Yoshimoto Masao menatap Liu Changchuan dan tersenyum pahit, “Liu, kamu diikuti oleh orang suruhan Ivanov.”
“Apa?” Liu Changchuan belum memahami maksudnya.
Yoshimoto Masao bersandar di kursi dan berkata pasrah, “Konsulat menelpon, meminta kita untuk tidak berhubungan lagi dengan Ivanov, dan memperingatkan agar menjaga mulut kita baik-baik.”
Liu Changchuan pun sadar, hatinya bergetar hebat. Ivanov tidak tahu siapa dirinya, pasti mengirim orang mengikutinya pulang, lalu melihatnya pergi ke markas militer, sehingga konsulat menekan Divisi Khusus.
Sial, ia benar-benar meremehkan Ivanov. Ini pelajaran berharga, jangan sampai terulang.
Ivanov tidak punya niat jahat padanya. Kalau benar-benar membenci, akibatnya akan sangat parah.
“Kepala Divisi, orang-orang konsulat terlalu banyak campur tangan,” Liu Changchuan pura-pura mengeluh.
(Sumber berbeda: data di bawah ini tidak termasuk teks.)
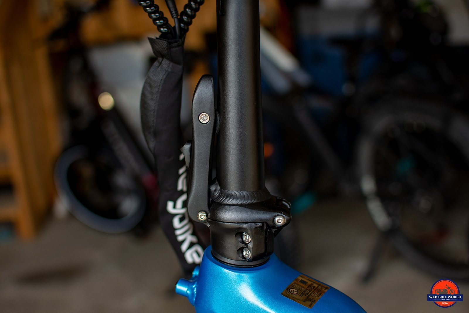 The folding handlebar stem is identical. It locks into place with a tactile and satisfying click on
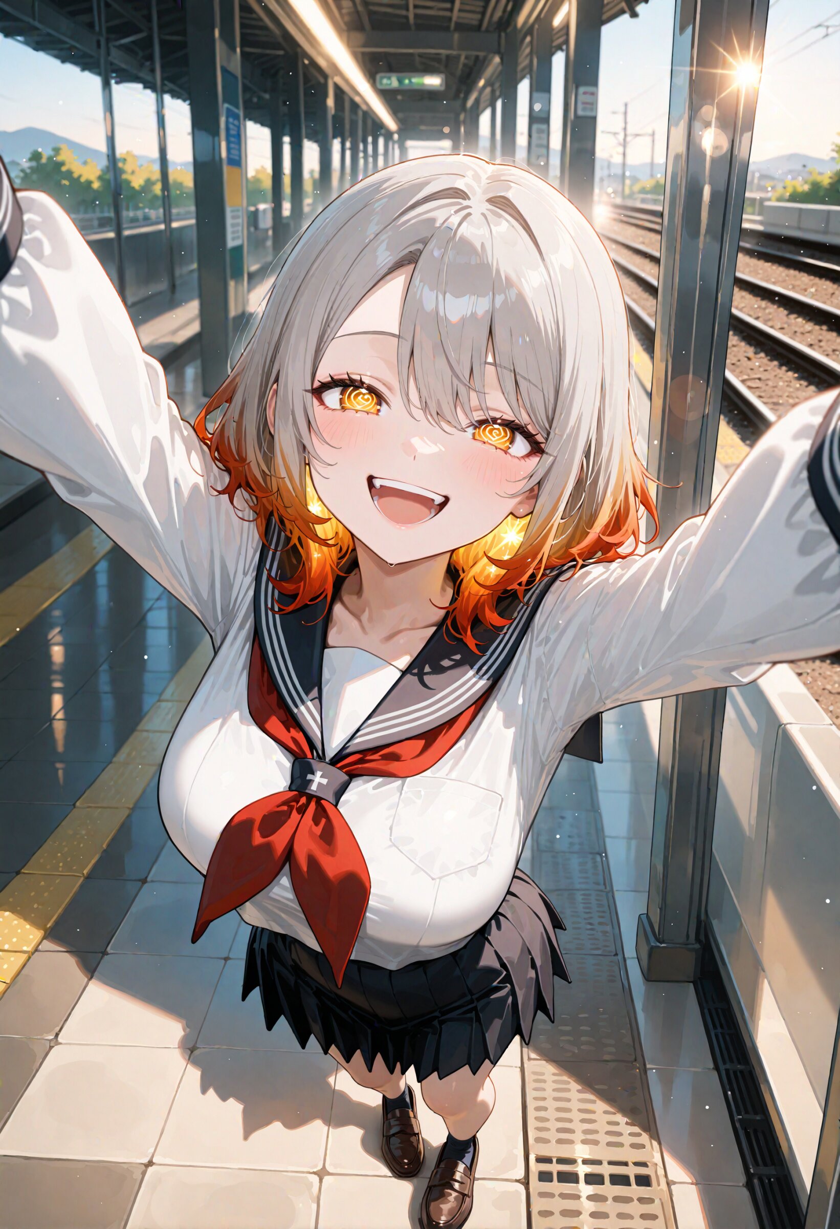 from front hip focus (from above,looking up:1.2) looking at viewer, Line art is drawn in a warm brown tone instead of black. The outlines have a soft, earthy feel, adding a gentle and nostalgic atmosphere to the illustration. 1girl, beautiful detailed eyes, cute face, cool, shiny skin, skindentation, beautiful burnt sienna eyes, @ @ , grey hair, crimson colored tips cute, medium hair, senegalese twists curtained hair , glowing hair, first-rate female body perfect body beautiful large breasts, smart hips,, warm comfy (laughing:1.5) and thinking and ^_^, seductive smile indigo serafuku, long sleeves, neckerchief , long sleeves, long plated skirt, , loafers , (mischievous smile:1.0), depth of field, bokeh, morning street, sidewalk, pavement, In front of the train station, ,, spring sunlight, morning, sunshine, direct lighting, spring morning sunlight, morning, sunshine, light particles, armpits, standing morning masterpiece, best quality, amazing quality, very aesthetic, absurdres, you can add scenery, (volumetric lighting), To make the background more distinctive. professional art lots of details, , overexposure, shiny-glistening, (watercolor style:0.0), (pastel color style:0.0) <lora:noline (1):-0.5> <lora:sdxl2-flat2-512b:0.0> <lora:facelightup_xl_v10:0.5>

“Sudahlah, sampai di sini saja. Mulai sekarang jangan berhubungan lagi dengan Ivanov, jangan ceritakan masalahnya ke Richard. Urusan mereka berdua tak ada kaitan dengan kerajaan. Divisi Khusus cukup jadi penonton saja.”
Yoshimoto Masao memang tidak suka pada konsulat, tapi ia tahu, dirinya tak punya kekuatan untuk menentang para petinggi itu.